Türkiye`deki internet girişimlerinin son dönemde sapır sapır döküldüğünü görüyoruz. Bugün Hürriyet Gazetesindeki haber bu duruma bir örnek teşkil ediyor. Önce habere bakalım:
Bu şirketin kapanmasıyla beraber sadece şirketin kurucusu Yusuf Yıldırım`in umutları tükenmedi, Türkiye ekonomisini ileriye taşımaya katkısı olacak bir proje daha sona erdi. Haberde belirtildiği üzere şirkete ilk yatırım yapan isimlerden biri Erikli Suyun eski sahibi Hasan Aslanoba idi. Aslanoba Türkiye`de yaptığı öncü girişimlerle ve ekosisteme yaptığı değerli katkılarla bilinen önemli bir isim. Bizzat kendisinin yürüttüğü bir başka proje tazedirekt.com da geçtiğimiz aylarda dijital dünyada “kepenk indirmişti”

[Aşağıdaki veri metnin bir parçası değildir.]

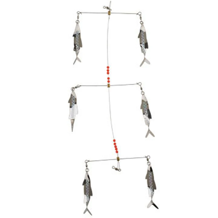 The 6-Pac Schoolie puts a whole school of realistic, shimmering baitfish behind the boat to draw close inspection from predators. Detailed whirling minnow blades pull easily while the side-by-side positioning of three pairs of blades adds depth to the illusion. Each of the six blades is approximately 3-3/4-inces in length.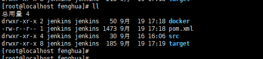 push完以后去 jenkins上点击 bulid now,再次构建,完成以后进入 jenkins工作目录。发现已经把docker 添加进来了。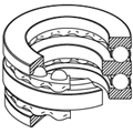NSK的推力球轴承采用高速运转时可承受推力载荷的设计,由带有球滚动的滚道沟的垫圈状套圈构成。由于套圈为座垫形,因此,推力球轴承被分为平底座垫型和调心球面座垫型两种类型。另外,这种轴承可承受轴向载荷,但不能承受径向载荷。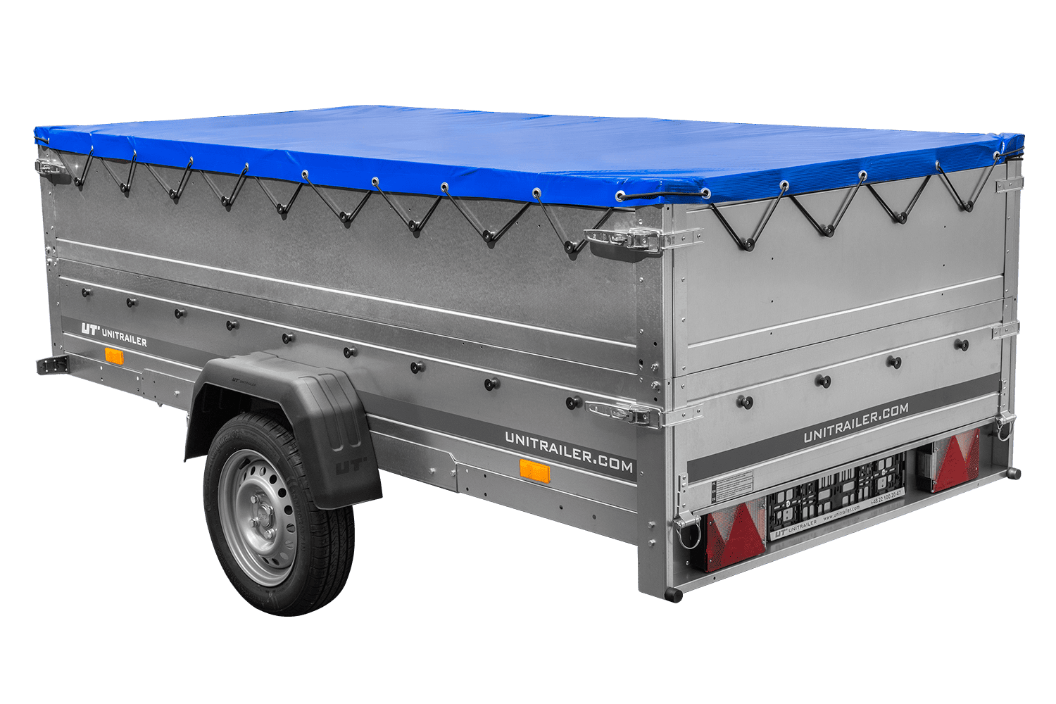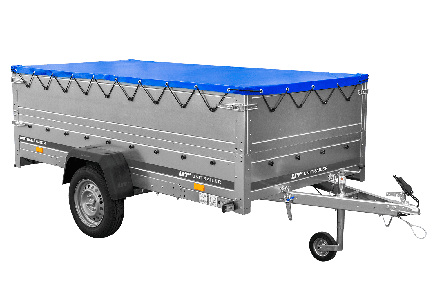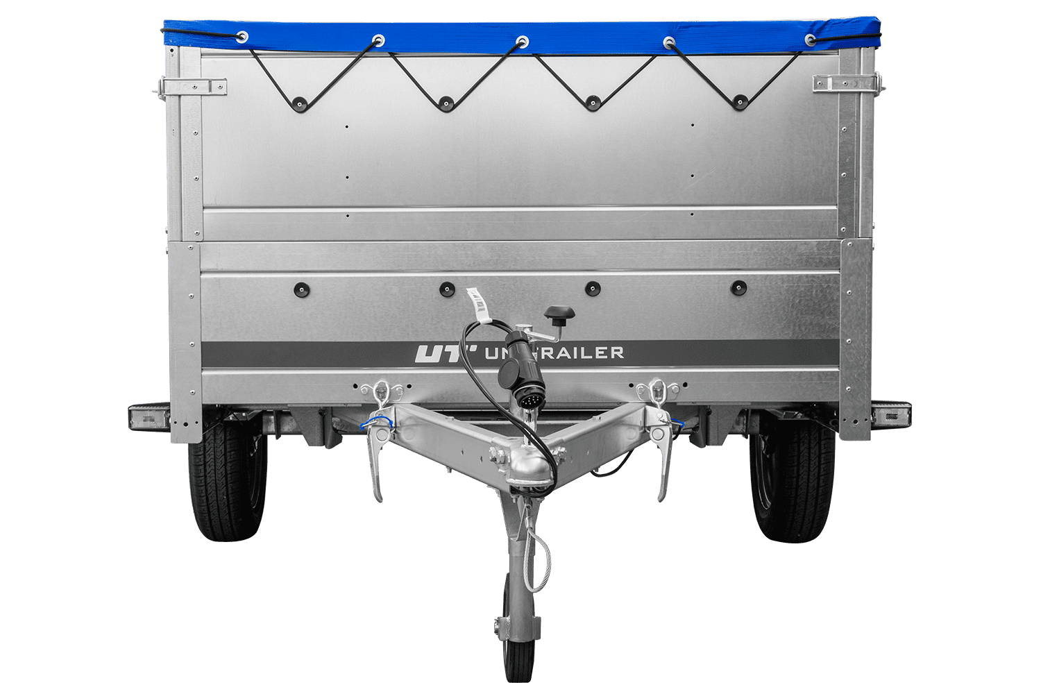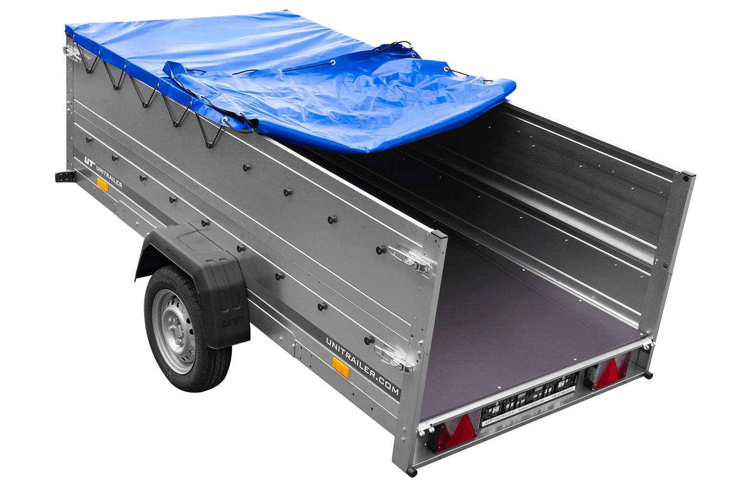 Enkelassige aanhanger 264x125 UNITRAILER GARDEN 264 KIPP met BIS zijwanden en blauw dekzeil
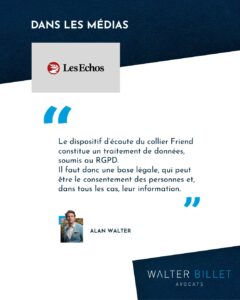 Ensuite, « ce type de dispositif d’écoute constitue un traitement des données, soumis au RGPD. Il faut donc une base légale, qui peut être le consentement des personnes et dans tous les cas leur information. Je vois mal comment faire peser cette obligation sur l’utilisateur du collier : doit-il se promener avec une notice d’information ? », ironise le spécialiste.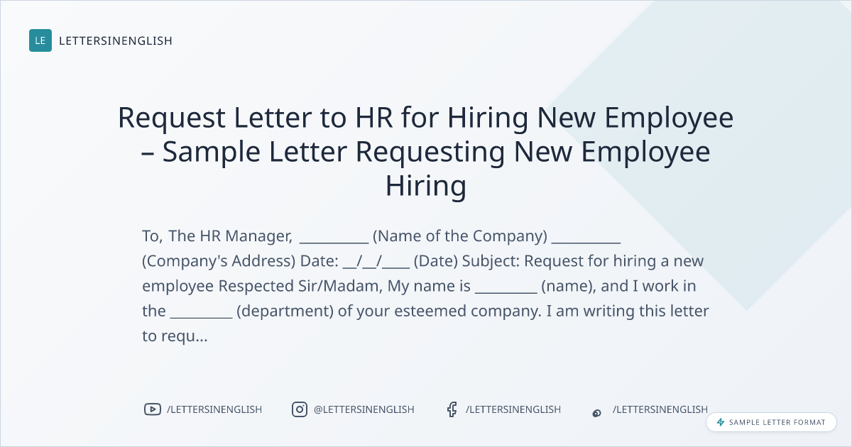 Request Letter to HR for Hiring New Employee – Sample Letter Requesting New Employee Hiring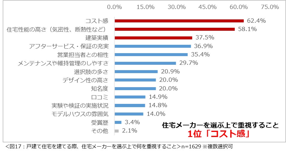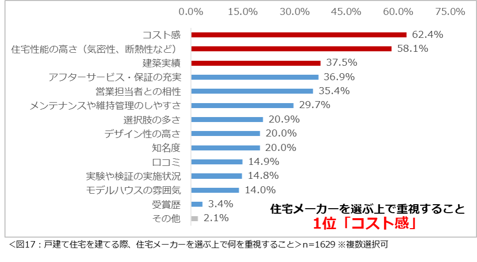 戸建て住宅を建てる際に住宅メーカーを選ぶ上で重視すること1位は「コスト感」。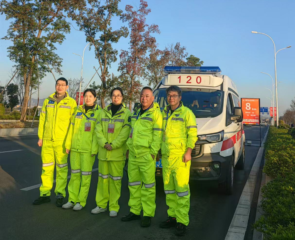 赛事当天早上6:10,医疗保障团队所有人员早早在医院集合,统一出发前往赛道开展驻点医疗保障工作。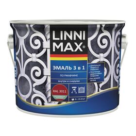 Грунт-эмаль по ржавчине Linnimax 3 в 1, 2,5 л, RAL 3011, красная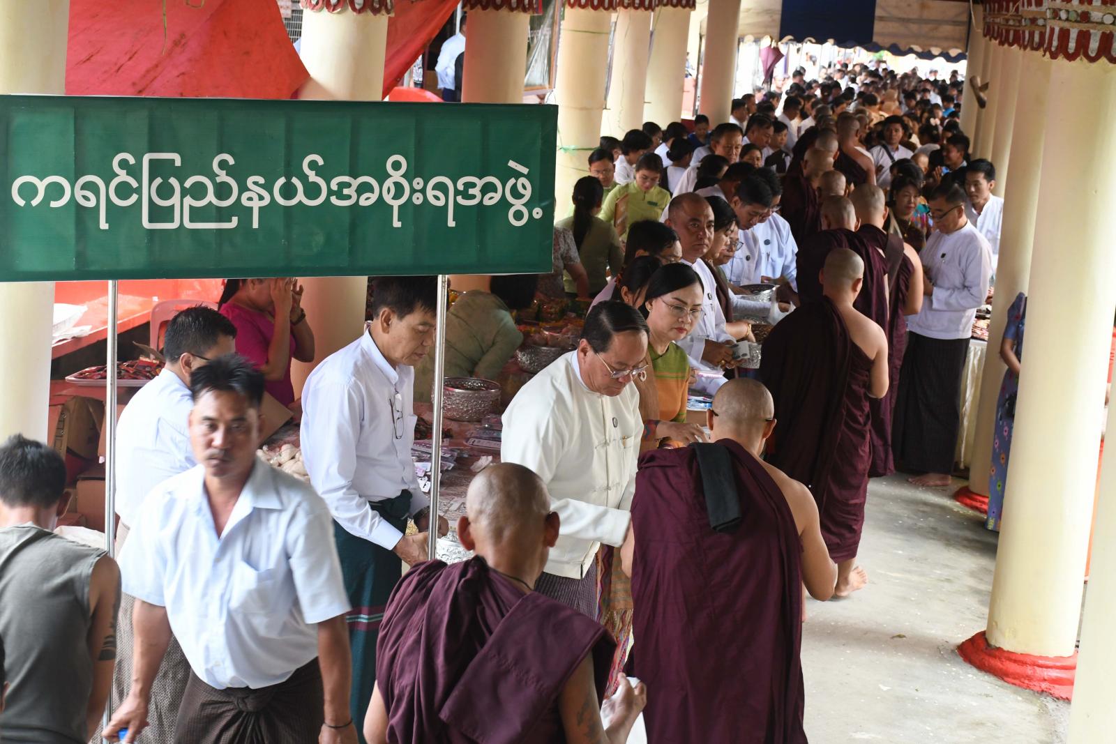 ဘားအံမြို့၊ မဲဘောင်ကျောင်းတိုက်သိမ်တော်ကြီးအတွင်း ဘားအံမြို့ပေါ်ရှိ ကျောင်းတိုက်အသီးသီးမှ ဩဝါဒဆရာတော်ကြီးများ၊သံဃာတော်များကပဝါရဏာပြုတော်မူကြပြီး ပဝါရဏာပြုပြီးသည့် ဆရာတော်၊ သံဃာတော်များအား ကရင်ပြည်နယ်ဝန်ကြီးချုပ်ဦးစောမြင့်ဦး၊ ပြည်နယ်အမျိုးသမီး ရေးရာအဖွဲ့နှင့် မိခင်နှင့်ကလေးစောင့်ရှောက်မှု ကြီးကြပ်ရေးအဖွဲ့နာယက၊ ပြည်နယ်တရား လွှတ်တော်တရားသူကြီးချုပ်၊ ပြည်နယ်အစိုးရအဖွဲ့ဝင်များ၊ ပြည်နယ်၊ ခရိုင်၊ မြို့နယ်အဆင့် ဌာနဆိုင်ရာများ၊ ဘားအံမြို့ပေါ်ရှိ စေတနာရှင်၊ အလှူရှင်များက သိမ်ဆင်းလောင်းလှူကြရာ စုစုပေါင်း ရဟန်း၊ သံဃာ၊ သာမဏေ ၃၃၈ ပါးအား လှူဖွယ် ဝတ္ထုပစ္စည်းများနှင့်နဝကမ္မအလှူငွေများ စုပေါင်းလောင်းလှူခဲ့ကြသည်။

Her başarısızlığın mutlaka kendine özgü neden ve parametreleri vardır. Fakat Türkiye internet ekosistemini politik, ekonomik ve girişimcilik üçgeninde değerlendirirsek bazı genel saptamalar yapmak mümkün. Mevcut durumun iki temel nedeni var:
İlk problem Türkiye`deki girişimcilerin hala geleneksel zihniyetten kurtulamamaları: Hasan Aslanoba gibi reel ekonomide başarılı olmuş işadamları ilk etapta reel ekonomiyle içiçe geçmiş internet projelerini tercih ediyor. Somut değer ve “hemen-gelir” odaklı bu girişimler de reel ekonomideki sorunlar su yüzüne çıkınca kendini geleneksel ekonomi ve onun risklerinden doğal olarak ayrıştıramıyor. Bu projeler inovatif projeler olmaktan ziyade gelişmiş ekonomilerde başarılı olmuş şirketlerin bir kopyası olarak ortaya çıkıyor. Eğer amaç yerel piyasada bir müşteri kitlesi yakalayıp bunu birkaç sene sonra küresel ölçekli bir firmaya satmaksa girişimci kendi çapında başarılı oluyor. Ama amaç küresel alanda ses getirecek ve çığır açacak projeler yaratmaksa izlenecek yol bu değil. Çözüm reel ekonomiden sıyrılmış, bilgi ekonomisiyle iç içe geçmiş yatırımları finansal olarak teşvik etmek. Türkiye`den çıkmış, dünyada ses getirmeye başlamış bu eksende de şirketler var: Scorp ve Voscreen bunlardan sadece bazıları. Ama dünyada milyonlarca kullanıcısı olan Voscreen henüz gelir yaratamadığı için Türkiye`deki ekosistemde yatırım çekemiyor. Voscreen büyük ihtimalle Amerika`ya göç edip dünyada dil eğitimi alanında öncü bir platform olacak. Kayıp Türkiye`nin olacak. Belki benzer bir yol haritasını diğer şirketler de izleyecek.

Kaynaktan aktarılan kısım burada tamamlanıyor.